With the model having run, the final step is to visulise the result. Here, we produce a simple plot of particle pathlines over the course of the simulation. Within the config file, we specified that outputs should be saved in an directory called output. To make the plot, we leverage plotting functionlity provided with the processing sub-package.

[9]:
from datetime import timedelta

from pylag.processing.ncview import Viewer


file_name = f"{simulation_dir}/output/pylag_1.nc"

# Time of flight
time_of_flight = timedelta(hours=15)

# Plot extents
extents = np.array([-4.35, -4.0, 50.25, 50.4], dtype=float)

fig, ax = create_figure(figure_size=(26., 26.), projection=ccrs.PlateCarree(),
                        font_size=font_size, bg_color='gray')

# Configure plotter
plotter = FVCOMPlotter(grid_metrics_file_name,
                       geographic_coords=True,
                       font_size=font_size)

# Plot the bathymetry again.

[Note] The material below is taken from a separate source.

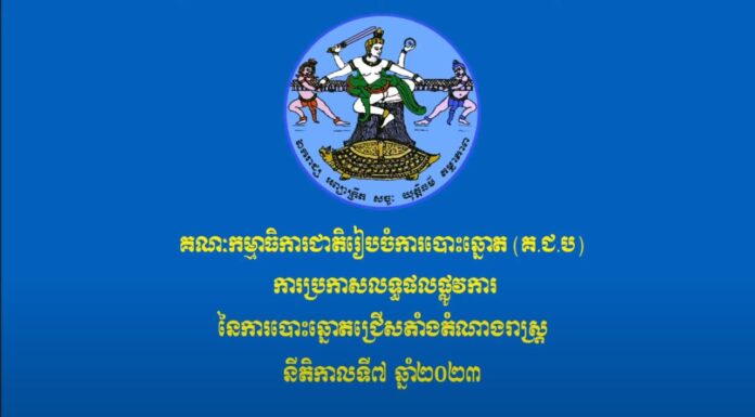 គណៈកម្មាធិការជាតិរៀបចំការបោះឆ្នោត (គ.ជ.ប) នៅថ្ងៃទី៥ ខែសីហា ឆ្នាំ២០២៣នេះ បានបង្ហាញលទ្ធផលផ្លូវការ នៃការបោះឆ្នោតជាតិជ្រើសតាំងតំណាងរាស្ត្រ អាណត្តិទី៧ ដោយគិតជាសំឡេងឆ្នោត

We'll overlay pathlines on top of this.
plotter.plot_field(ax, bathy, extents=extents, add_colour_bar=True,
                   cb_label='Depth (m)', vmin=-60., vmax=0., cmap=cmap)

# Dataset holding particle positions
viewer = Viewer(file_name, time_rounding=900)

# Get time index
date = viewer.date[0] + time_of_flight
time_index = viewer.date.tolist().index(date)
n_times = viewer.date[:time_index+1].shape[0]

# Convert positions into lons/lats
lons, lats = lonlat_from_utm(viewer('x')[time_index, :].squeeze(),
                             viewer('y')[time_index, :].squeeze(), epsg_code=epsg_code)

# Plot particle final positions
ax, scatter = plotter.scatter(ax, lons, lats, s=8, color='#e50000', edgecolors='none')

# Convert all pathline coordinates into lons/lats
lons_paths, lats_paths = lonlat_from_utm(viewer('x')[:time_index+1, :],
                                         viewer('y')[:time_index+1, :],
                                         epsg_code=epsg_code)

# Add path lines
ax, lines = plotter.plot_lines(ax, lons_paths, lats_paths, linewidth=0.15, alpha=1, color='#0504aa')
../_images/examples_fvcom_forward_tracking_18_0.png

In the plot we can see particles moving out into the centre of the channel. Initially, particles form a relatively coherent collective, with shear dispersion only slowly causing particle pathlines to diverge. If we had run with turbulent mixing, particle pathlines would have diverged more quickly. A discussion of transport dynamics in this area can be found in Uncles et al (2020).

References

Chen, C. H. Liu, R. C. Beardsley, 2003. An unstructured, finite-volume, three-dimensio nal, primitive equation ocean model: application to coastal ocean and estuaries.J. Atm. &Oceanic Tech., 20, 159-186

Umlauf, L. Burchard, H., 2004. Second-order turbulence closure models for geophysical boundary layers. A review of recent work. Continental Shelf Research 25(7):795-827. DOI: 10.1016/j.csr.2004.08.004

Uncles, R. J., Clark, J. R., Bedington, M., Torres, R. 2020. “On sediment dispersal in the Whitsand Bay Marine Conservation Zone: Neighbor to a closed dredge-spoil disposal site” in Marine Protected Areas: Evidence, Policy and Practise, ed Robert Clark and John Humphreys (Elsevier Inc.).